【解雇事件マニュアル】Q56合意により試用期間を延長できるか
労働契約上に試用期間延長の根拠がない場合に、労働者と使用者との合意により試用期間を延長することが許されるか。
当初の試用期間満了時に使用者が労働者を有効に本採用拒否できる場合に、これを猶予して使用者が一方的に試用期間を延長することも、労働者の不利益にならないため許される余地がある。このような場合に、労働者と使用者との合意により試用期間を延長することも、当然に許される余地があるであろう。
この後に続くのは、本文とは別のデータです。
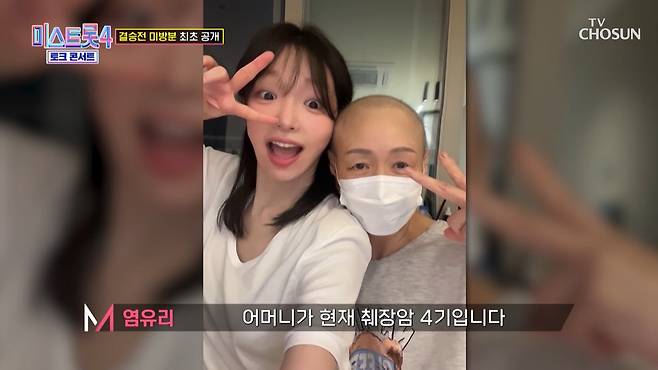 9일 방송된 TV조선 '미스트롯4 토크콘서트'에서는 '미스트롯4' 준결승전에서 7위를 기록해 TOP5 안에 들지 못하며 아쉽게 결승전행 티켓을 놓친 염유리의 미방분이 공개됐다. 이날 무대에는 췌장암 4기를 투병 중인 그의 어머니가 투병 중에 외출이 힘든 상황이었지만 딸의 무대를 직접 보기 위해 직접 보러 와 감동을 자아냈다. 화면에 잡힌 그의 어머니는 고된 병 치레로 인해 수척해 보이는 모습이었다.

他方で、当初の試用期間満了時に使用者が労働者を有効に本採用拒否できない場合でも、労働者と使用者との間で個別に真摯な合意があれば、試用期間を延長することができるとの見解もあるが、これに対しては、就業規則の最低基準効(労基法93条)によりその合意が無効とされる場合があると指摘されている(白石『労働関係訴訟の実務』451頁)。私見であるが、仮にこのような場合に個別合意による試用期間延長を認めるとしても、本来本採用拒否できない場合に試用期間を延長することは労働者にとって一方的な不利益変更であるため、労働者の同意の有無については、労働者の同意が労働者の自由な意思に基づいてされたものと認めるに足りる合理的な理由が客観的に存在するか否かという観点からも、判断されるべきであろう(山梨県民信用組合事件・最二小判平28.2.19労判1136.6参照)。